SCD in Code repository

Srinivas · April 28, 2025, 3:40pm

Hello all,

I am new to this community. I have a requirement to create SCD for a few datasets. I am trying to create an empty final dataset so that I can read it from a pipeline and calculate the delta between the new records from another dataset. My question is, can anyone point me to how I can create an empty dataset and read it from code repository. I tried creating a file with just column names and I got an error. Then I tried reading from a dataset with no files I get another error. Is there a way to bypass this?

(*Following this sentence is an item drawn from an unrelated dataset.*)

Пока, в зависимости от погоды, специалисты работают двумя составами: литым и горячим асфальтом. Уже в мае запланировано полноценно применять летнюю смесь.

An example on Slowly Changing dimensions. Slowly changing dimensions allow data to be picked according to the day from the fact

An example would be
ID,Name,PostCode
1,Srinivas,London
2,Shankar,Chennai

This will be loaded as
ID,Name,PostCode,valid_from,valid_to,created_datetime
1,Srinivas,London,29/04/2025,31/12/9999,29/04/2025 00:00:00
2,Shankar,Chennai,29/04/2025,31/12/9999,29/04/2025 00:00:00

if there is an update for one of the records
An example would be
ID,Name,PostCode
1,Srinivas,Brimingham
2,Shankar,Chennai

This will be loaded as
ID,Name,PostCode,valid_from,valid_to,created_datetime
1,Srinivas,London,29/04/2025,03/05/2025,29/04/2025 00:00:00
1,Srinivas,London,03/05/2025,31/12/9999,03/05/2025 00:00:00
2,Shankar,Chennai,29/04/2025,31/12/9999,29/04/2025 00:00:00

same as delete. Another question is, how can i overcome cyclical dependency? because for me to calculate the delta, I need to get a copy of the final dim to calculate the delta

green · April 29, 2025, 8:00am

Hello,

Sorry, in this context I don’t understand what is meant by “SCD”, could you perhaps explain the acronym?

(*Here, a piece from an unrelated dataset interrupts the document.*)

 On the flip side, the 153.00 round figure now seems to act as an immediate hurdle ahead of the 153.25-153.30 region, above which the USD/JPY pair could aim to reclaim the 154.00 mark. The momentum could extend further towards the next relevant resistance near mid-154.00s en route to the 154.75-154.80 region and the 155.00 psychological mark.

To create an empty dataset you could use a lightweight Python transform like this:

import polars as pl
from transforms.api import LightweightOutput, transform, lightweight, Output


@lightweight
@transform(
    out=Output("ri.foundry.main.dataset.xxx"),
)
def compute(out: LightweightOutput):

    schema = {"id": pl.Int64,
             "text": pl.String,
             "date": pl.Datetime
             }

    df1 = pl.DataFrame({}, schema=schema)
    
    out.write_table(df1)

That would give you a dataset with a schema, but no rows.